Description of the task
Copy exactly the lines of the material below that fall between the line with "Piankowe Klapki Damskie" and the line with "Physics – Problem", both of those lines included; pictures stay out.
--- Data extracts ---
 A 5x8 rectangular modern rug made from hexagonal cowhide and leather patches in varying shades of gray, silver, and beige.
---
--- Data extracts ---
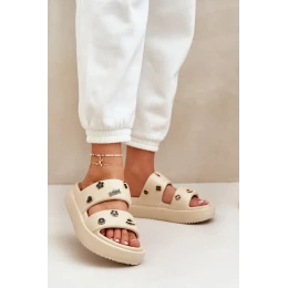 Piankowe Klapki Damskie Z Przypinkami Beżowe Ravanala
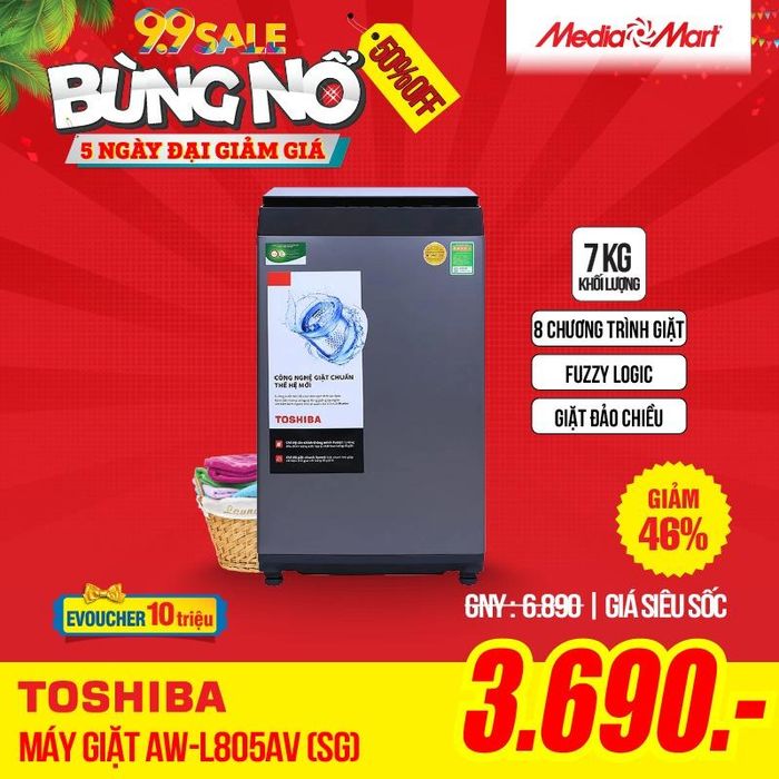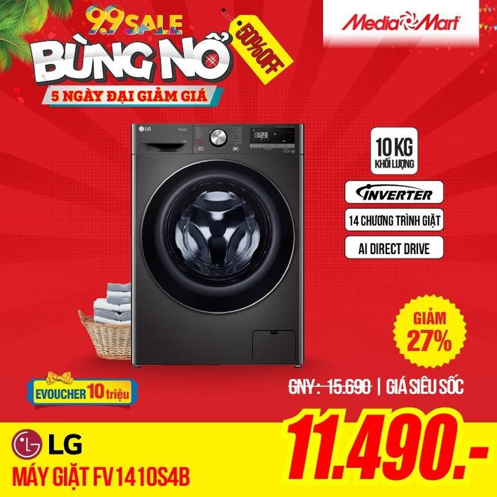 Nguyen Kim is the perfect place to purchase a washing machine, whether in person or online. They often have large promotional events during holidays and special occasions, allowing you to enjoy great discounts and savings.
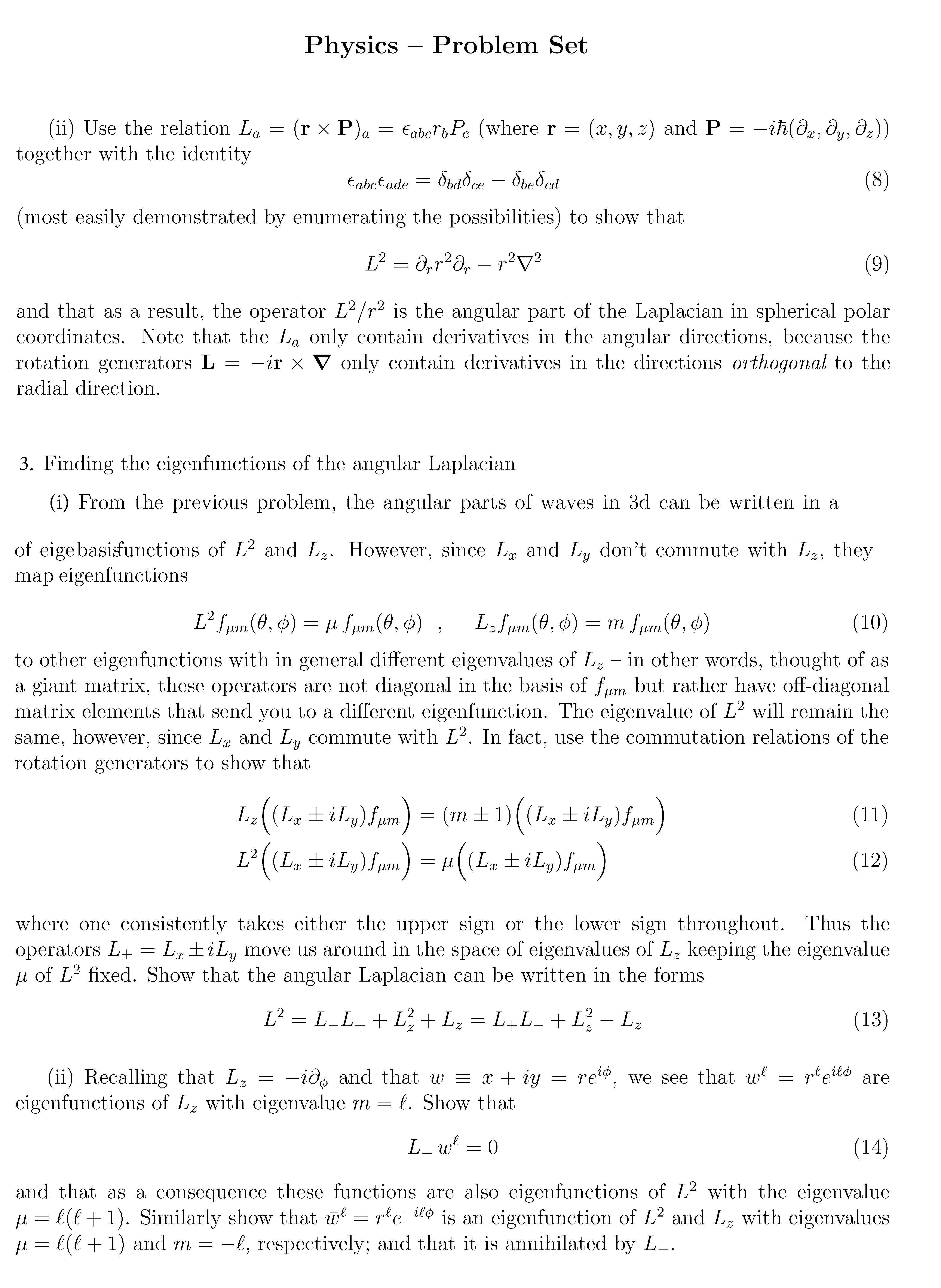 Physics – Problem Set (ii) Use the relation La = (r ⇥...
---
--- Data extracts ---
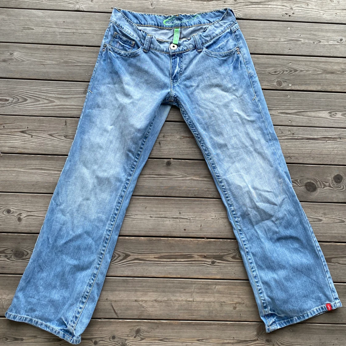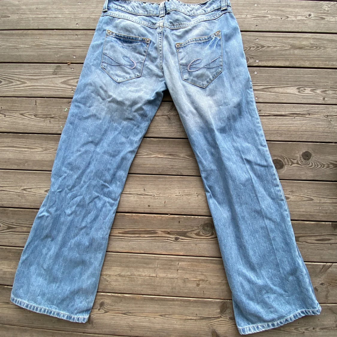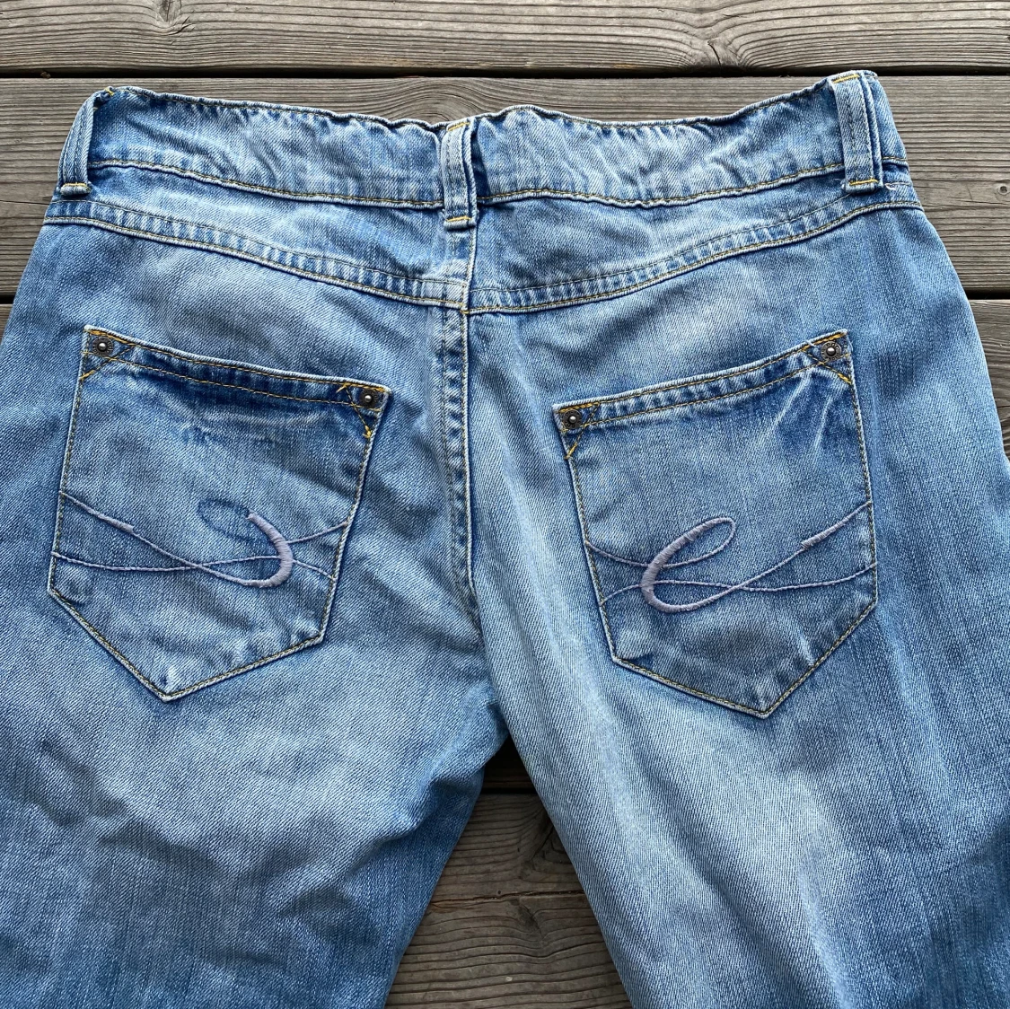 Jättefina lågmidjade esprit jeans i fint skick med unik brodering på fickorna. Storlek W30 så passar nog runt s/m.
---
Exercise answer
 Piankowe Klapki Damskie Z Przypinkami Beżowe Ravanala
 Nguyen Kim is the perfect place to purchase a washing machine, whether in person or online. They often have large promotional events during holidays and special occasions, allowing you to enjoy great discounts and savings.
 Physics – Problem Set (ii) Use the relation La = (r ⇥...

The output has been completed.